Items from a data source:
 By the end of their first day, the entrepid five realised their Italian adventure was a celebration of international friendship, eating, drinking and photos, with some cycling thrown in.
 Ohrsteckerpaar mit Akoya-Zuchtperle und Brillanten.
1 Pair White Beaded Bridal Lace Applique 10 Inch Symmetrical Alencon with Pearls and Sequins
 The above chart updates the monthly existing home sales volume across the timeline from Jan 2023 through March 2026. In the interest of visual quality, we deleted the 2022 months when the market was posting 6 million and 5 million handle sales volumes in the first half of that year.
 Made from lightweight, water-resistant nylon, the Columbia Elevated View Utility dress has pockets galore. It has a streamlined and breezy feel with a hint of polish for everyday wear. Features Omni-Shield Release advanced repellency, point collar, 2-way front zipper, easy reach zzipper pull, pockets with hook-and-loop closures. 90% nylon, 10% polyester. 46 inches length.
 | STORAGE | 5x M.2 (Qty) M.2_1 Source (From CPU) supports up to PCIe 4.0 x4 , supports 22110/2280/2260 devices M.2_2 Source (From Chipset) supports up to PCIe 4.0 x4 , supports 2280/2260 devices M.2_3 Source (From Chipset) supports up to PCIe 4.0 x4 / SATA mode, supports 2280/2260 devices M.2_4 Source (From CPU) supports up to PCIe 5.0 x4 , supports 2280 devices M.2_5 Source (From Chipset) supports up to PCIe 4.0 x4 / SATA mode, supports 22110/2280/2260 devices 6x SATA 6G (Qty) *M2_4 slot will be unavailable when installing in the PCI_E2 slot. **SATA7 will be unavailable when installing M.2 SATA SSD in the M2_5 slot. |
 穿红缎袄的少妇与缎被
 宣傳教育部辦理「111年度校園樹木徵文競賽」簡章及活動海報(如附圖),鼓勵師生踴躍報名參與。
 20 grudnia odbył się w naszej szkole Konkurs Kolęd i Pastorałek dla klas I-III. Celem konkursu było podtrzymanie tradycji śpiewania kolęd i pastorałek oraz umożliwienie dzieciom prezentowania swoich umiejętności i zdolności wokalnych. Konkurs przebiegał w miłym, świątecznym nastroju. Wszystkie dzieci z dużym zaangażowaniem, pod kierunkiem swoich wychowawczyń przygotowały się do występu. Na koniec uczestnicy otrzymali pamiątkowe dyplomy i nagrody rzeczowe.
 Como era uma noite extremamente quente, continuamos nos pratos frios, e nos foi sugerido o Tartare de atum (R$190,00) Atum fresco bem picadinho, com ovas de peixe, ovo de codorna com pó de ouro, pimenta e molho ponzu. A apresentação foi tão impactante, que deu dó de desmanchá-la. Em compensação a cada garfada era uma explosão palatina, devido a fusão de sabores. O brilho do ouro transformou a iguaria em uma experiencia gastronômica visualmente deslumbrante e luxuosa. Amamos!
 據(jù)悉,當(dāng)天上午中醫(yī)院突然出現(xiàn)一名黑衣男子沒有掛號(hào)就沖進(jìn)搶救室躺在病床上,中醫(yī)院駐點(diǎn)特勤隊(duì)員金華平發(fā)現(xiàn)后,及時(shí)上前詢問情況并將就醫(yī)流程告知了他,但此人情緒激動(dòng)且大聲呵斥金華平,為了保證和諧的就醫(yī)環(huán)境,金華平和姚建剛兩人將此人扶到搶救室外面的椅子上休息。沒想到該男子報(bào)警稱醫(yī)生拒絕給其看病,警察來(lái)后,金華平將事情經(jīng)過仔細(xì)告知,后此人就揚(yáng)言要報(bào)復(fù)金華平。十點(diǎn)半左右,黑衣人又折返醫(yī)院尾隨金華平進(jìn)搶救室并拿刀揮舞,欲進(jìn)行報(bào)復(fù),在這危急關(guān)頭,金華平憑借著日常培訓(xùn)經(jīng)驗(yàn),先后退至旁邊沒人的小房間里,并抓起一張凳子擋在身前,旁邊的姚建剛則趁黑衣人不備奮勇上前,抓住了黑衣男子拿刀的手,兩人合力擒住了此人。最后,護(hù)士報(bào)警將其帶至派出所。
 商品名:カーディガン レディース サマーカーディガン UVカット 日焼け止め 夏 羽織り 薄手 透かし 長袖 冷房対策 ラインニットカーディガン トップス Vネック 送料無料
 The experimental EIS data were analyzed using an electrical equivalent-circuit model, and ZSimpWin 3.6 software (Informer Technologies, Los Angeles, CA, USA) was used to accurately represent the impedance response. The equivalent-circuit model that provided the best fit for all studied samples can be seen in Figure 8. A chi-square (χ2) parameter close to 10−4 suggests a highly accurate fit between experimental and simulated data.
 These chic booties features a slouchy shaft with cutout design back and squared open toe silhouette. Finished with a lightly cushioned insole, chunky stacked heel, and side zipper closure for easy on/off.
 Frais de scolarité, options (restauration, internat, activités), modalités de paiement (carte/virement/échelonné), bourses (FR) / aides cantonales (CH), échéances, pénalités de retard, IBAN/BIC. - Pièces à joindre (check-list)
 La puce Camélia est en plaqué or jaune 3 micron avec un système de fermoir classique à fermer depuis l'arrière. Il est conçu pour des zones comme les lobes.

- Task requirements -
Type the records again in full, matching them exactly.

- Result of the exercise -
 By the end of their first day, the entrepid five realised their Italian adventure was a celebration of international friendship, eating, drinking and photos, with some cycling thrown in.
 Ohrsteckerpaar mit Akoya-Zuchtperle und Brillanten.
1 Pair White Beaded Bridal Lace Applique 10 Inch Symmetrical Alencon with Pearls and Sequins
 The above chart updates the monthly existing home sales volume across the timeline from Jan 2023 through March 2026. In the interest of visual quality, we deleted the 2022 months when the market was posting 6 million and 5 million handle sales volumes in the first half of that year.
 Made from lightweight, water-resistant nylon, the Columbia Elevated View Utility dress has pockets galore. It has a streamlined and breezy feel with a hint of polish for everyday wear. Features Omni-Shield Release advanced repellency, point collar, 2-way front zipper, easy reach zzipper pull, pockets with hook-and-loop closures. 90% nylon, 10% polyester. 46 inches length.
 | STORAGE | 5x M.2 (Qty) M.2_1 Source (From CPU) supports up to PCIe 4.0 x4 , supports 22110/2280/2260 devices M.2_2 Source (From Chipset) supports up to PCIe 4.0 x4 , supports 2280/2260 devices M.2_3 Source (From Chipset) supports up to PCIe 4.0 x4 / SATA mode, supports 2280/2260 devices M.2_4 Source (From CPU) supports up to PCIe 5.0 x4 , supports 2280 devices M.2_5 Source (From Chipset) supports up to PCIe 4.0 x4 / SATA mode, supports 22110/2280/2260 devices 6x SATA 6G (Qty) *M2_4 slot will be unavailable when installing in the PCI_E2 slot. **SATA7 will be unavailable when installing M.2 SATA SSD in the M2_5 slot. |
 穿红缎袄的少妇与缎被
 宣傳教育部辦理「111年度校園樹木徵文競賽」簡章及活動海報(如附圖),鼓勵師生踴躍報名參與。
 20 grudnia odbył się w naszej szkole Konkurs Kolęd i Pastorałek dla klas I-III. Celem konkursu było podtrzymanie tradycji śpiewania kolęd i pastorałek oraz umożliwienie dzieciom prezentowania swoich umiejętności i zdolności wokalnych. Konkurs przebiegał w miłym, świątecznym nastroju. Wszystkie dzieci z dużym zaangażowaniem, pod kierunkiem swoich wychowawczyń przygotowały się do występu. Na koniec uczestnicy otrzymali pamiątkowe dyplomy i nagrody rzeczowe.
 Como era uma noite extremamente quente, continuamos nos pratos frios, e nos foi sugerido o Tartare de atum (R$190,00) Atum fresco bem picadinho, com ovas de peixe, ovo de codorna com pó de ouro, pimenta e molho ponzu. A apresentação foi tão impactante, que deu dó de desmanchá-la. Em compensação a cada garfada era uma explosão palatina, devido a fusão de sabores. O brilho do ouro transformou a iguaria em uma experiencia gastronômica visualmente deslumbrante e luxuosa. Amamos!
 據(jù)悉,當(dāng)天上午中醫(yī)院突然出現(xiàn)一名黑衣男子沒有掛號(hào)就沖進(jìn)搶救室躺在病床上,中醫(yī)院駐點(diǎn)特勤隊(duì)員金華平發(fā)現(xiàn)后,及時(shí)上前詢問情況并將就醫(yī)流程告知了他,但此人情緒激動(dòng)且大聲呵斥金華平,為了保證和諧的就醫(yī)環(huán)境,金華平和姚建剛兩人將此人扶到搶救室外面的椅子上休息。沒想到該男子報(bào)警稱醫(yī)生拒絕給其看病,警察來(lái)后,金華平將事情經(jīng)過仔細(xì)告知,后此人就揚(yáng)言要報(bào)復(fù)金華平。十點(diǎn)半左右,黑衣人又折返醫(yī)院尾隨金華平進(jìn)搶救室并拿刀揮舞,欲進(jìn)行報(bào)復(fù),在這危急關(guān)頭,金華平憑借著日常培訓(xùn)經(jīng)驗(yàn),先后退至旁邊沒人的小房間里,并抓起一張凳子擋在身前,旁邊的姚建剛則趁黑衣人不備奮勇上前,抓住了黑衣男子拿刀的手,兩人合力擒住了此人。最后,護(hù)士報(bào)警將其帶至派出所。
 商品名:カーディガン レディース サマーカーディガン UVカット 日焼け止め 夏 羽織り 薄手 透かし 長袖 冷房対策 ラインニットカーディガン トップス Vネック 送料無料
 The experimental EIS data were analyzed using an electrical equivalent-circuit model, and ZSimpWin 3.6 software (Informer Technologies, Los Angeles, CA, USA) was used to accurately represent the impedance response. The equivalent-circuit model that provided the best fit for all studied samples can be seen in Figure 8. A chi-square (χ2) parameter close to 10−4 suggests a highly accurate fit between experimental and simulated data.
 These chic booties features a slouchy shaft with cutout design back and squared open toe silhouette. Finished with a lightly cushioned insole, chunky stacked heel, and side zipper closure for easy on/off.
 Frais de scolarité, options (restauration, internat, activités), modalités de paiement (carte/virement/échelonné), bourses (FR) / aides cantonales (CH), échéances, pénalités de retard, IBAN/BIC. - Pièces à joindre (check-list)
 La puce Camélia est en plaqué or jaune 3 micron avec un système de fermoir classique à fermer depuis l'arrière. Il est conçu pour des zones comme les lobes.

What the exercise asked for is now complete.